COLLECTED DATA

○ ○ ○

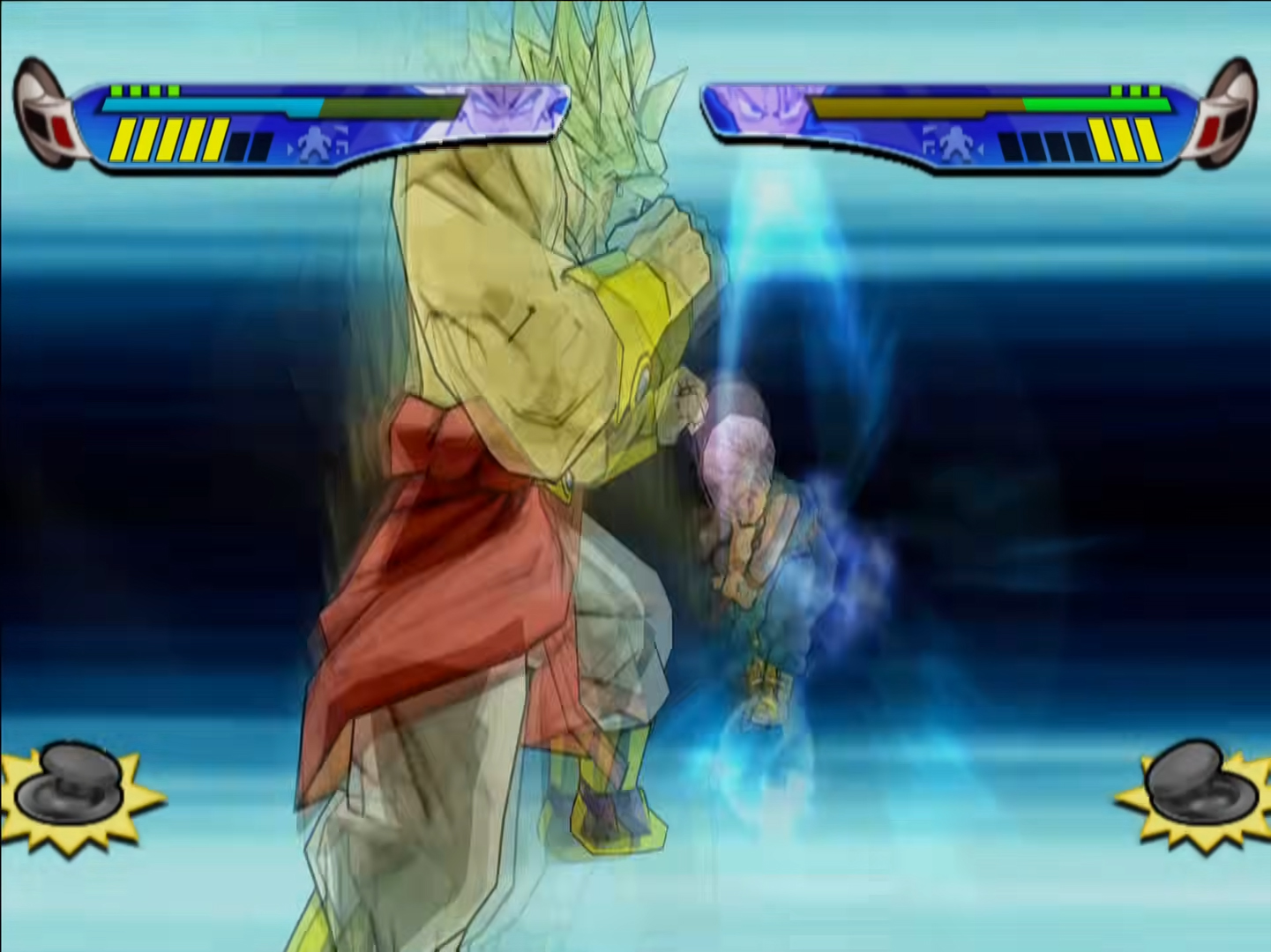The roster has all the Budokai 2 characters (minus the made up fusions and forms) plus brings Kid Gohan, first form Frieza and the earlier Cell forms back from the original game, but nobody else (sorry Dodoria, Zarbon and Android 19 fans!) Then it made the Saibamen and Cell Jr. playable after they were just non-playable opponents in the past and pushed the story right to the end of DBZ by adding kid Uub, making pretty much his only playable appearance in a fighting game. Then it was finally time to pull characters in from outside of Z as we got Kid Goku from Dragon Ball, Bardock, Cooler, Broly and Gogeta from the Z Films/TV Specials, and Ii-Shenron/Omega Shenron from GT, plus Vegeta and Goku got their Super Saiyan 4 transformations (as does Gogeta, for the record) from the same series. From here on out I’m pretty confident in saying no other fighter and very few DB games in general have been released that doesn’t include one of Bardock, Broly or Cooler, they’re sort of the go-to trio for content outside of the key series. It should also be said that both Mecha Frieza and Metal Cooler are in the game as well but as transformations for some reason, and ones not easy to pull of so I rarely, if ever, bothered…
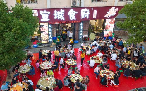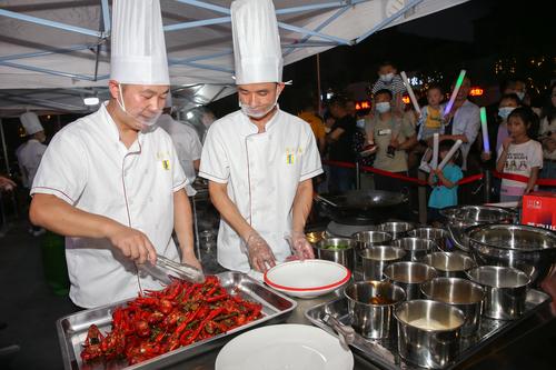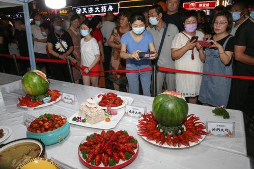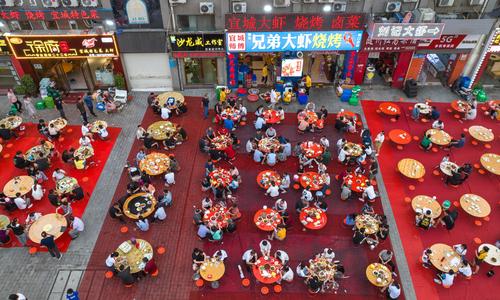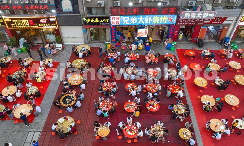 图片说明:2022年6月2日,湖北省襄阳市,襄城区闸口大虾一条街热闹开街,吸引了众多市民品尝小龙虾,享受夏日夜市的美味。
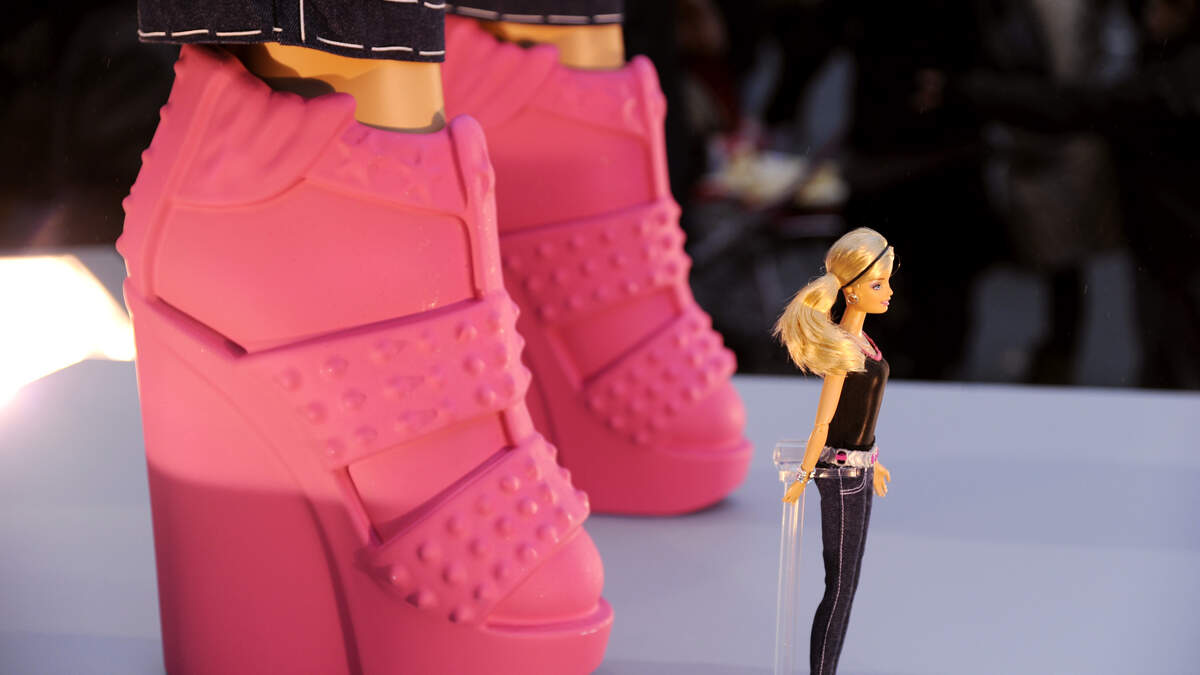 This is when a picture is taken with a foot or feet extended out as if it were in a high heels. It mimics the permanent state of a Barbie doll's feet.

○ ○ ○

WHAT YOU SHOULD DO
Give the data again exactly. Keep the images out.

TASK RESPONSE
The roster has all the Budokai 2 characters (minus the made up fusions and forms) plus brings Kid Gohan, first form Frieza and the earlier Cell forms back from the original game, but nobody else (sorry Dodoria, Zarbon and Android 19 fans!) Then it made the Saibamen and Cell Jr. playable after they were just non-playable opponents in the past and pushed the story right to the end of DBZ by adding kid Uub, making pretty much his only playable appearance in a fighting game. Then it was finally time to pull characters in from outside of Z as we got Kid Goku from Dragon Ball, Bardock, Cooler, Broly and Gogeta from the Z Films/TV Specials, and Ii-Shenron/Omega Shenron from GT, plus Vegeta and Goku got their Super Saiyan 4 transformations (as does Gogeta, for the record) from the same series. From here on out I’m pretty confident in saying no other fighter and very few DB games in general have been released that doesn’t include one of Bardock, Broly or Cooler, they’re sort of the go-to trio for content outside of the key series. It should also be said that both Mecha Frieza and Metal Cooler are in the game as well but as transformations for some reason, and ones not easy to pull of so I rarely, if ever, bothered…
 图片说明:2022年6月2日,湖北省襄阳市,襄城区闸口大虾一条街热闹开街,吸引了众多市民品尝小龙虾,享受夏日夜市的美味。
 This is when a picture is taken with a foot or feet extended out as if it were in a high heels. It mimics the permanent state of a Barbie doll's feet.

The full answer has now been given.